═════ SUPPLIED DATA

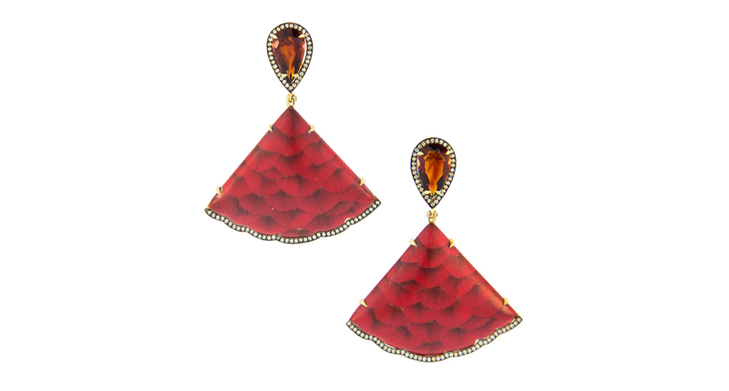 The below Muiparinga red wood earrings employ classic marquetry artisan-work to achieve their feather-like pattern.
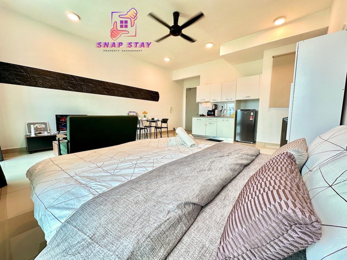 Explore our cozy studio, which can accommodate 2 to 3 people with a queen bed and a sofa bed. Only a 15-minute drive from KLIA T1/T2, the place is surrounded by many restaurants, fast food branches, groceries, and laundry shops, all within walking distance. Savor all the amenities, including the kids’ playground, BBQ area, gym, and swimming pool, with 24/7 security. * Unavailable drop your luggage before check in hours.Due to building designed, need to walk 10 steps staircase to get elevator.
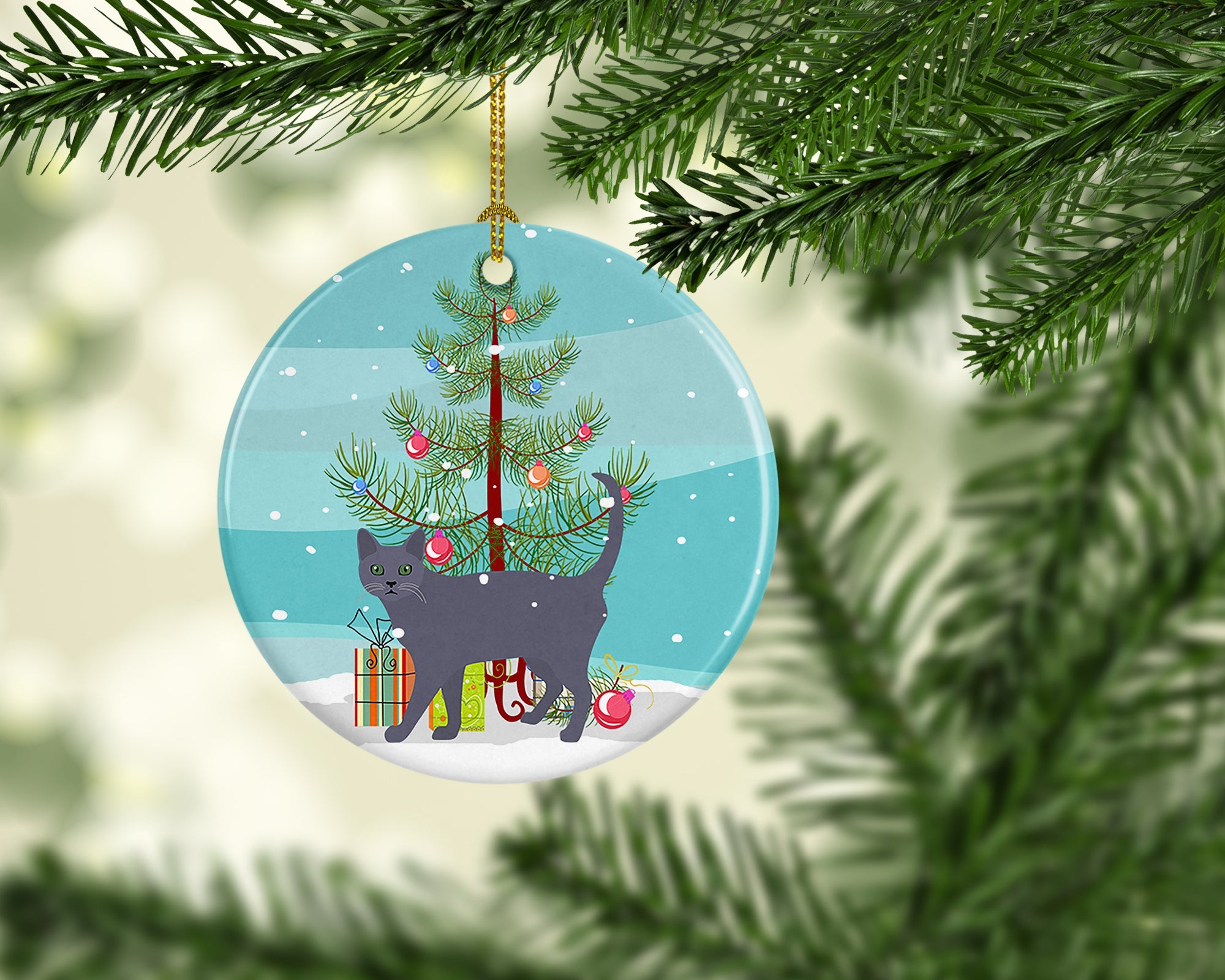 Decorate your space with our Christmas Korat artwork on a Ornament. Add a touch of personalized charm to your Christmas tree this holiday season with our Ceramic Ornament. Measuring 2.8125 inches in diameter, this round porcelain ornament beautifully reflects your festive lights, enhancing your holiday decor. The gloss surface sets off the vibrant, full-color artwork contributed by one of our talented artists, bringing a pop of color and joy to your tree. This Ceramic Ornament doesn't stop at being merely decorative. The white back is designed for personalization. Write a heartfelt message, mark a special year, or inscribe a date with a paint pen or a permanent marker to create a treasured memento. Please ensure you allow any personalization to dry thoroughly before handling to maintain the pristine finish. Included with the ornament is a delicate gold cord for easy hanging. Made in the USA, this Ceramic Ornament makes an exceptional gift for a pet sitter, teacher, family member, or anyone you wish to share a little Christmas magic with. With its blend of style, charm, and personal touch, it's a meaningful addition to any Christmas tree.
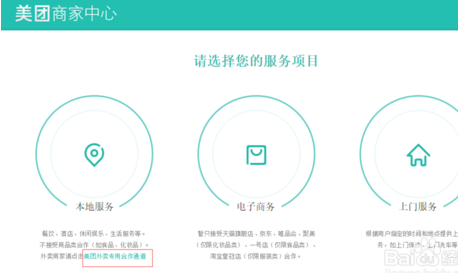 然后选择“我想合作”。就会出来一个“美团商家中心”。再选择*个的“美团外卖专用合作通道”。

══════════
═════ SUPPLIED DATA

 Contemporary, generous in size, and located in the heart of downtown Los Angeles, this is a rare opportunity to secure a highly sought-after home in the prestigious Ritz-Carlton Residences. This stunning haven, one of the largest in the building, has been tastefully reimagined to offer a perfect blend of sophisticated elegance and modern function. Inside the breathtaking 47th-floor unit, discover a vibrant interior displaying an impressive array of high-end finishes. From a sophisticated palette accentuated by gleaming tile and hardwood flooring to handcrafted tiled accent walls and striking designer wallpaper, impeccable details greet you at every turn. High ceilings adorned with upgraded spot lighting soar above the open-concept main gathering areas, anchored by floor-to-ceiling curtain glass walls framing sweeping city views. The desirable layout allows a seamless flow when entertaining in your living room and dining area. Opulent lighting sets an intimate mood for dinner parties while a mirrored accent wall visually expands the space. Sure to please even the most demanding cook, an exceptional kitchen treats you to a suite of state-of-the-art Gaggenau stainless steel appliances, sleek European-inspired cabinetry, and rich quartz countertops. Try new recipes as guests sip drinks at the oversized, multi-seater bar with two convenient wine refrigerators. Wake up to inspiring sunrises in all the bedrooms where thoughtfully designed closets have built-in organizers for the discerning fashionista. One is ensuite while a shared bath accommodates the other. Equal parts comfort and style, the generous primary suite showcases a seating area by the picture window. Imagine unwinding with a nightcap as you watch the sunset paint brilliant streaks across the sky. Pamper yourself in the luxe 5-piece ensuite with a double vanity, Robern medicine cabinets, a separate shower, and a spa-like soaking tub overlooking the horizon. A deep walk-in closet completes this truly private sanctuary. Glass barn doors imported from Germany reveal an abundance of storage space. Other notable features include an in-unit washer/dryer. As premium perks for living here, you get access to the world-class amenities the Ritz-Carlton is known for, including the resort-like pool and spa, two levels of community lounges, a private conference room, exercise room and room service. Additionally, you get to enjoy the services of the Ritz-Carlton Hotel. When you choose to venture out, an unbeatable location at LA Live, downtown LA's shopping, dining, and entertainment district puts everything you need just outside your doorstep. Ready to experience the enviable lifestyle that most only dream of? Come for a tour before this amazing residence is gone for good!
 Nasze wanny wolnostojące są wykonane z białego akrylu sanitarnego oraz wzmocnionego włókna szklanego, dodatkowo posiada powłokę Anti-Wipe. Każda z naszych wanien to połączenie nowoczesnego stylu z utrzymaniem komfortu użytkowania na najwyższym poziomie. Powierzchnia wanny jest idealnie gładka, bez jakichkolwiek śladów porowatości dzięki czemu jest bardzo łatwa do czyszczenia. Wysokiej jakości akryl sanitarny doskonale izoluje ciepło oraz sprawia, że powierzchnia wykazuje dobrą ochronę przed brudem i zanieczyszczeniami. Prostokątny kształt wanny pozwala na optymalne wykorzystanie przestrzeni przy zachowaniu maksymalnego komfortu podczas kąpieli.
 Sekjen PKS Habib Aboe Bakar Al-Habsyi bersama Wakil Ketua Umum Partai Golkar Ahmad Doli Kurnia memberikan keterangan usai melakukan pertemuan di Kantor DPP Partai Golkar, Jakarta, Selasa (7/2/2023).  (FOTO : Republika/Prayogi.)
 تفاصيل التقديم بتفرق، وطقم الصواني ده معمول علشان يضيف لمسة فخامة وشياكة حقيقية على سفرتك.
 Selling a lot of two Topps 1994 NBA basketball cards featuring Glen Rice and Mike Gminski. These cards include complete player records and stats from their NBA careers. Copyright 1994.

══════════
═════ SUPPLIED DATA

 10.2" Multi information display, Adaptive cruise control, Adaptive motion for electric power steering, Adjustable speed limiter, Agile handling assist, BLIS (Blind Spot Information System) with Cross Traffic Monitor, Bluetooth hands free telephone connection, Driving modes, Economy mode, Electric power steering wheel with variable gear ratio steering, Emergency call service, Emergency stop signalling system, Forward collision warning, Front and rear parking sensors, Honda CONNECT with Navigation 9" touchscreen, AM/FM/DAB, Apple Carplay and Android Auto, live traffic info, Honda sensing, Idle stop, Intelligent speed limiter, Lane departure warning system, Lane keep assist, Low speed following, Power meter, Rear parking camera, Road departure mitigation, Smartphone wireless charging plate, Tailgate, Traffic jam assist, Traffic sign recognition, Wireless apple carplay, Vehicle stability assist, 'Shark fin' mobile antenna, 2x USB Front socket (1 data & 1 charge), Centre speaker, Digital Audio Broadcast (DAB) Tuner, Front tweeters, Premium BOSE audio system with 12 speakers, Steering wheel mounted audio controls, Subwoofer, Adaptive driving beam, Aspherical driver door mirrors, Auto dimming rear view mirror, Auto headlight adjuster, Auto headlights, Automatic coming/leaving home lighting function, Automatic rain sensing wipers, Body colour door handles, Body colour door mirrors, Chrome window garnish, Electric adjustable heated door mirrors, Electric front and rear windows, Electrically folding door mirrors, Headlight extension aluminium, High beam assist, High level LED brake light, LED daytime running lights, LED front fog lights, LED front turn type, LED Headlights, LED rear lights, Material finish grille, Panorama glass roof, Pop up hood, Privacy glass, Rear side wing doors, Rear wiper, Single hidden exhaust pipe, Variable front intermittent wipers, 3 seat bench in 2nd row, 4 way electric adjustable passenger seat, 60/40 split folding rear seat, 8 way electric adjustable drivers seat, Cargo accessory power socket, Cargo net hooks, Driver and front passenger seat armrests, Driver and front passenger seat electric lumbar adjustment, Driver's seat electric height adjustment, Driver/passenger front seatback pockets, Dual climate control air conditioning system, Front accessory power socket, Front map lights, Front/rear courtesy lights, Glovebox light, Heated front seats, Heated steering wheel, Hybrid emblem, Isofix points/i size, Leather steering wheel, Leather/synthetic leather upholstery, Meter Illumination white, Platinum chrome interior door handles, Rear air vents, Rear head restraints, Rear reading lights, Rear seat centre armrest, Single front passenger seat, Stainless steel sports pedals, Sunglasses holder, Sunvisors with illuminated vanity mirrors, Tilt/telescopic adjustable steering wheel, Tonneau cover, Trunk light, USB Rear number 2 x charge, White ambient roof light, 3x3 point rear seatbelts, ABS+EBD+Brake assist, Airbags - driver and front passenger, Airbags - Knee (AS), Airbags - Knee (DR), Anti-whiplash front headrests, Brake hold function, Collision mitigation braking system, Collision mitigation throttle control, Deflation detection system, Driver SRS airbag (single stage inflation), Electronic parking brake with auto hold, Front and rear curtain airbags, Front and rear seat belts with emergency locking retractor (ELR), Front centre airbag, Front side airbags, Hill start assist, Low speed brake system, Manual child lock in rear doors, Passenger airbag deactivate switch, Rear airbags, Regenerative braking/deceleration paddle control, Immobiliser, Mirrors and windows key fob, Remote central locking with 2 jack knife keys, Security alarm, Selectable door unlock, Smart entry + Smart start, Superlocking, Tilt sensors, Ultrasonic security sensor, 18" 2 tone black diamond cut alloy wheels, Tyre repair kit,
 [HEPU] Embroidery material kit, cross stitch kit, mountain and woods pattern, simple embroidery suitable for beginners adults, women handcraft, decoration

══════════

Look above for the line with "The below Muiparinga", then give again exactly every line from there through the line with "Explore our cozy", skipping the pictures.

 The below Muiparinga red wood earrings employ classic marquetry artisan-work to achieve their feather-like pattern.
 Explore our cozy studio, which can accommodate 2 to 3 people with a queen bed and a sofa bed. Only a 15-minute drive from KLIA T1/T2, the place is surrounded by many restaurants, fast food branches, groceries, and laundry shops, all within walking distance. Savor all the amenities, including the kids’ playground, BBQ area, gym, and swimming pool, with 24/7 security. * Unavailable drop your luggage before check in hours.Due to building designed, need to walk 10 steps staircase to get elevator.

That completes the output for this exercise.